Por ello es tan importante saber identificar qué emociones vivimos ante determinados
acontecimientos y cuáles se convierten en sentimiento. A partir de ahí, comemzamos a ser
dueños y dueñas de nuestra existencia. Incluso daremos un paso más y aprenderemos no sólo
a reconocer qué emociones y sentimientos experimentamos, sino también cuáles son
beneficiosos para nuestro organismo y cuáles debemos tratar de controlar con más fuerza.
Lo primero que hay que hacer con las emociones es aceptarlas: no hay emociones
buenas y emociones malas. Todas las emociones y sentimientos son necesarios, y, sobre
todo, naturales. Necesarios porque no sabríamos qué se siente siendo felices si nunca
estuviéramos tristes; necesarios porque nos ayudan a comprender, sonreir, llorar, disfrutar,
valorar; necesarios porque, en definitiva, nos hacen sentirnos vivos.
Nos han acostumbrado a que sentir rabia, nostalgia, o todo tipo de emociones
“dolorosas” son “malas” y que hay que apartarlas y vivir siempre con una sonrisa, algo que es
humanamente imposible. Intentar desplazar este tipo de emociones es una fuente de
frustración para todo el que lo intenta porque son naturales. Por eso, el primer paso es hacer
normales todas las emociones.
Y con esto podríamos decir que nuestra vida está regida, casi al completo, por las
emociones. Nos guían, nos llevan hacia delante pero también nos paralizan, a veces son
maravillosas y a veces desearíamos no tenerlas, pero no podemos separarnos de ellas. Son una
parte intrínseca de nosotros mismo, y nada mejor que RECONOCERLAS para aprender a vivir
con ellas.
En este taller es muy importante apagar la cabeza. Primero vamos a jugar, vamos a
conectar con nuestro niño, con la poca importancia que tiene perder y con lo importante que
es volver a intentarlo. Después pasaremos a ejercicios creativos, con el cuerpo, que harán
despertarse a nuestra mente y ametrallarnos con miles de pensamientos negativos: “no lo
estoy haciendo bien” “¿para qué servirá esto?”, y es ahí donde queremos que perciban esos
pensamientos y que no se les haga caso porque lo único que hacen es paralizar al cuerpo, y por
lo tanto a nuestras emociones.
Una vez pasemos la barrera que nos pone nuestra mente, la barrera que paraliza
nuestras emociones, empezaremos a crear.

Dinámica 3:
Despertar el cuerpo, descargar energía (10 min.). Ejercicio físico, tocar con los dedos,
las palmas de la manos… Recorrer el cuerpo.

Dinámica 4:
Simon dice... (8 min.).

Dinámica 5:
Blanco, negro, sí y no (8 min.). Juego de preguntas: no se puede responder con blanco
negro ni sí ni no.

DInámica 6:
Pintar con el cuerpo (10 min.). Con todas las partes del cuerpo, nuestro nombre o lo
que quieran.

Ahora que nos sentimos más libres, que hemos despertado el cuerpo, que nos
encontramos bien, porque nos encontramos bien ¿verdad? Vamos a tomar asiento, de forma
circular.

Dinámica 7:
Listado de como nos autodefinimos
(tantos números de adjetivos como personas en el curso) (10 min.).
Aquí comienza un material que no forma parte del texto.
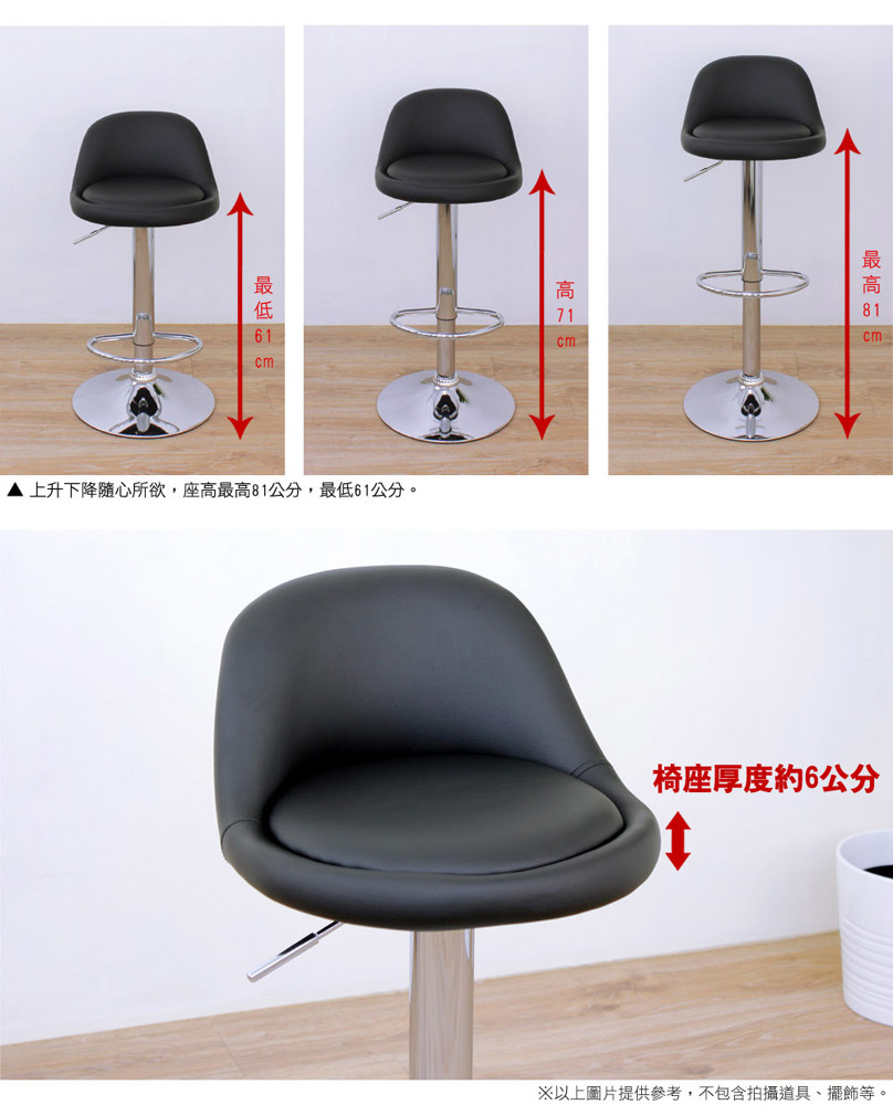◆椅座高度:最低 61 公分 - 最高 81 公分。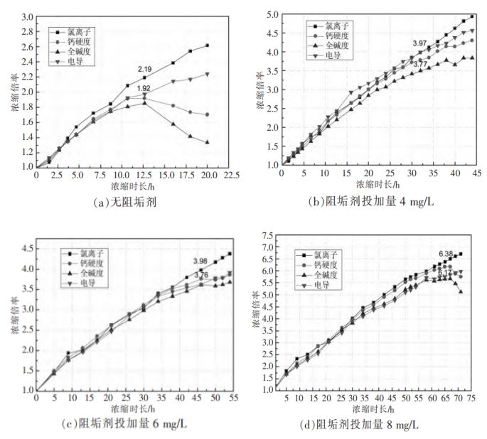 试验结果表明,阻垢剂投加量与循环水浓缩倍率大体上呈现正相关趋势,通过控制碱度能够有效提升循环水的极限浓缩倍率。

Vamos a continuar adentrándonos en las emociones.

Dinámica 8:
Ejercicio del globo (10 min.). Gritar y hablar con suavidad. Comprobar las vibraciones
del globo.

Dinámica 9:
Contar experiencias desde otras perspectivas
(En primera persona, como si me hiciera gracia, en tercera persona) (20 min.).

Comentamos como hemo sentido al contarlo desde diferentes perspectivas y hablamos
del estrés y la ansiedad. Después del dolor.

Dinámica 10:
Visualice que es lo que más te relaja en tu día a día. Dedicar tiempo a ello (5 min.).

Dinámica 11:
Ojos cerrados, palabras que nosotros anotamos para superar el dolor o situaciones
negativas(7 min.).

Dinámica 12:
Los sentidos. Sabor, gusto, olfato, tacto… Escribir qué se nos viene a la mente. Tratar
de no averiguar qué es el objeto.

Dinámica 13:
Continuar el juego de la dinámica dos. Completar dibujo.

Dinámica 14:
Todos en círculo, completar dinámica 7: los otros nos definen con adjetivos positivos.

Dinámica 15:
Canción: "siente tu cuerpo, siente la vida, disfruta tus momentos, llénalos de energía"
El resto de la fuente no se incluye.